The area determination unit may determine the map display area based on a predetermined route.

As a second aspect, the map display device according to another aspect of the invention may use the route search result for this predetermined route.

A third aspect is the map display device according to the other aspects 1 and 2 of the present invention, wherein the area determination unit is a predetermined amount from the edge of the road when the current position is on the road. It is a map display device that determines a recessed area as a map display area.

A fourth aspect is the map display device according to the other aspects 1 to 3 of the invention, wherein the area determination unit is configured to display a predetermined distance ahead of the road when the current position is on the road. It is a map display device that determines a front area as a map display area.

The map display device according to another aspect 4 of the invention may be provided with a moving means reflecting section for determining the predetermined distance ahead of the road according to the moving means.

A fifth aspect is the map display device according to the other aspects 1 to 4 of the present invention, wherein the area determining unit determines the number of intersections in front of the road when the current position is on the road. It is a map display device which determines the map display area based on.

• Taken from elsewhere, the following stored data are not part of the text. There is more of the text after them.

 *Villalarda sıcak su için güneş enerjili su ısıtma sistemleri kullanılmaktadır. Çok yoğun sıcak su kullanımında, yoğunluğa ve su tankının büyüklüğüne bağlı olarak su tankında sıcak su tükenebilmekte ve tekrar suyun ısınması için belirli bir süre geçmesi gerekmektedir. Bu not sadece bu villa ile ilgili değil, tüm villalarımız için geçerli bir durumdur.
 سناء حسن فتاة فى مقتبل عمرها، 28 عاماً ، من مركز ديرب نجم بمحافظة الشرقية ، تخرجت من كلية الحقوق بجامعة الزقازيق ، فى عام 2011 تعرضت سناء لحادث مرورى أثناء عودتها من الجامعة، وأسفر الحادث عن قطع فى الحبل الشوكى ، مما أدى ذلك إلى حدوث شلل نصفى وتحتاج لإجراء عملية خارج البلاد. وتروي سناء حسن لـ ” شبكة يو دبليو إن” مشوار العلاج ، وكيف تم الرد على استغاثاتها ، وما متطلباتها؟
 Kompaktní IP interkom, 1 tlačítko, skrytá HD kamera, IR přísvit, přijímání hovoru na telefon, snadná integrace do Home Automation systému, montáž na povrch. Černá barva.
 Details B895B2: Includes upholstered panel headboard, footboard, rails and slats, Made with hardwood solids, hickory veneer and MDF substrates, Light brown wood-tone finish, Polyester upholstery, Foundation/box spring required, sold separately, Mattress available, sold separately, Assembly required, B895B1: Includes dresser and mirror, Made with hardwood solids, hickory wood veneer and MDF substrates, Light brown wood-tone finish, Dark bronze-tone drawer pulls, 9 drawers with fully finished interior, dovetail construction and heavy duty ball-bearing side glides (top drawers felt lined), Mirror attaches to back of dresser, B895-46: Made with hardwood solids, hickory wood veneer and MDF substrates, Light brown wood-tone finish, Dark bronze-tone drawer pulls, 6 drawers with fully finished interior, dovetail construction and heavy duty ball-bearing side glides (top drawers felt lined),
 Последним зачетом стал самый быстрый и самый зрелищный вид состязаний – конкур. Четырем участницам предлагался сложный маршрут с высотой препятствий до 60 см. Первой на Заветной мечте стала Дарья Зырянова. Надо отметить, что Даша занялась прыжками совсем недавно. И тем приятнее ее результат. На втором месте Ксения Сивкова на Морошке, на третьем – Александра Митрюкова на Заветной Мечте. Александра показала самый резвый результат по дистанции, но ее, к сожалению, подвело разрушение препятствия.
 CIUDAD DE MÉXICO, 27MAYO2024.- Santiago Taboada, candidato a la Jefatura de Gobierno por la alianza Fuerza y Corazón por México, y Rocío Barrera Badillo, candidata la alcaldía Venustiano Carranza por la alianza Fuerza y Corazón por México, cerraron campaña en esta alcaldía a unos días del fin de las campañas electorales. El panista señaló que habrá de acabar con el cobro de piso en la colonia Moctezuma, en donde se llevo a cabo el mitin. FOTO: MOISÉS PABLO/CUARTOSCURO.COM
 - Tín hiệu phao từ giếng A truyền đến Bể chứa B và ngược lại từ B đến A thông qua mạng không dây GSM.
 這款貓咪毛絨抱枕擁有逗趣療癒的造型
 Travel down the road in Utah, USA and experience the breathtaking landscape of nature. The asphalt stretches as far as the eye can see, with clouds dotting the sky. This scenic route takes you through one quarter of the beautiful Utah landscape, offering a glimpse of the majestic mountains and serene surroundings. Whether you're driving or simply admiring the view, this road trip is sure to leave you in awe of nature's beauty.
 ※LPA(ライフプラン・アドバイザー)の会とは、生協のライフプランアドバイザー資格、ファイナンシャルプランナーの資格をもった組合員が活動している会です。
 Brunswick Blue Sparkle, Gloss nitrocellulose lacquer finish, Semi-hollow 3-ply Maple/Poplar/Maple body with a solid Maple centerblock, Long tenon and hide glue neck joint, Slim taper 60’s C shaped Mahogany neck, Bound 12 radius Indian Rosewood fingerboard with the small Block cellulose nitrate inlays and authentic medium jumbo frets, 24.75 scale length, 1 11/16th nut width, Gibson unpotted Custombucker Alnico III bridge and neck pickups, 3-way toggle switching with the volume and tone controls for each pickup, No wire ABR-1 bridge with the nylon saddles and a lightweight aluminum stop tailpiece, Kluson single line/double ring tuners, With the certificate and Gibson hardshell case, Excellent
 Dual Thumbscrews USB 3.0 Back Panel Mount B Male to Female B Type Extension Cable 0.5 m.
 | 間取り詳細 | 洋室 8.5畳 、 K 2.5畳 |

A sixth aspect is the map display device according to the other aspects 1 to 5 of the present invention, wherein the area determining unit determines the distance to the nearest intersection when the current position is on a road. The map display device determines a predetermined area around the intersection as a map display area when the predetermined range is reached.

The area determining unit may use the distance to the nearest right turn intersection or left turn intersection.

[0037]

BEST MODE FOR CARRYING OUT THE INVENTION Hereinafter, embodiments of the present invention will be described in the following order based on Examples. A. First Example: B. Second Embodiment: C.I. Third Example: D. Fourth embodiment:

A. First Embodiment: FIG. 1 is a schematic configuration diagram of a map display device. The map display device 100 acquires the map data to be displayed from the map server SRV via the network INT. In addition, the map display device 100
Is GPS (Global Positioning)
System) Other sensing functions can be used to compare map data with one's own position. The user can cause the map display device 100 to display a map using the remote controller 103, the operation panel 101, or the like. The map display device 100 performs processing for three-dimensionally displaying a map based on a user's instruction. Here, the map display device 100 includes the display device 102, and can provide the map display to the user while including the three-dimensional display in at least a part thereof.

FIG. 1 also shows the functional block configuration of the map display device 100. The map display device 100 is a CPU
Further, the control unit 200 is configured as a microcomputer including a memory and the like, and the functional blocks illustrated in the figure are configured as software as the functions of the control unit 200. However, each functional block may be configured by hardware.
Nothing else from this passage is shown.